Otto Julius Zobel - Background To AT&T Research

Background To AT&T Research

After the work of John R. Carson in 1915 it became clear that multiplexed telephone transmissions could be greatly improved by the use of single sideband suppressed carrier (SSB) transmission. Compared to basic amplitude modulation (AM) SSB has the advantage of half the bandwidth and a fraction of the power (one sideband can have no more than 1/6 of the total power and would typically be a lot less). AM analysed in the frequency domain consists of a carrier and two sidebands. The carrier frequency in AM represents the majority of the transmitted power but contains no information whatsoever. The two sidebands both contain identical information so only one is required, at least from an information transmission point of view. Up to this point filtering had been by simple tuned circuits. However, SSB required a flat response over the sideband of interest and maximum rejection of the other sideband with a very sharp transition between the two. As the idea was to put another (completely different) signal in the slot vacated by the unwanted sideband it was important that all traces of it were removed to prevent crosstalk. At the same time minimum distortion (i.e. flat response) is obviously desirable for the sideband being retained. This requirement led to a big research effort in the design of electric wave filters.

Electric wave filters
The term electric wave filter was much used around Zobel's time to mean a filter designed to pass or reject waves of specified frequencies across the band. It appears in numerous papers published in the early 20th century. Sometimes used to distinguish these more advanced designs from the simple tuned circuits which preceded them. In modern usage the simpler term filter would be used and is unambiguous within the field of electronics.

George A. Campbell and Zobel worked on this problem of extracting a single sideband from an amplitude-modulated composite wave for use in multiplexing telephone channels and the related problem of extracting (de-multiplexing) the signal at the far end of the transmission.

Initially, the baseband pass range used was 200 Hz to 2500 Hz but later the International Telecommunication Union set a standard of 300 Hz to 3.4 kHz with 4 kHz spacing. Thus the filtering was required to go from fully pass to fully stop in the space of 900 Hz. This standard in telephony is still in use today and had remained widespread until it began to be supplanted by digital techniques from the 1980s onwards.

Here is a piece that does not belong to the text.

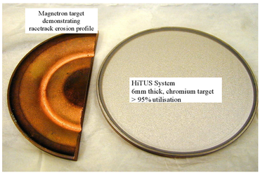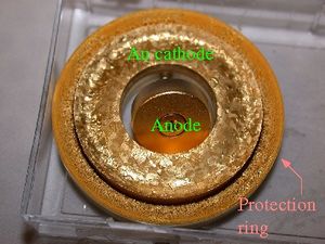 A typical ring-geometry sputter target, here gold showing the cathode made of the material to be deposited, the anode counter-electrode and an outer ring meant to prevent sputtering of the hearth that holds the target.

Campbell had previously utilised the condition discovered in the work of Oliver Heaviside for lossless transmission to improve the frequency response of transmission lines using lumped component inductors (loading coils). When Campbell started investigating electric wave filter design from 1910, this previous work naturally led him to filters using ladder network topology using capacitors and inductors. Low-pass, high-pass and band-pass filters were designed. Sharper cut-offs and higher stop-band rejection to any arbitrary design specification could be achieved merely by increasing the length of the ladder. The filter designs used by Campbell were described by Zobel as constant k filters although this was not a term used by Campbell himself.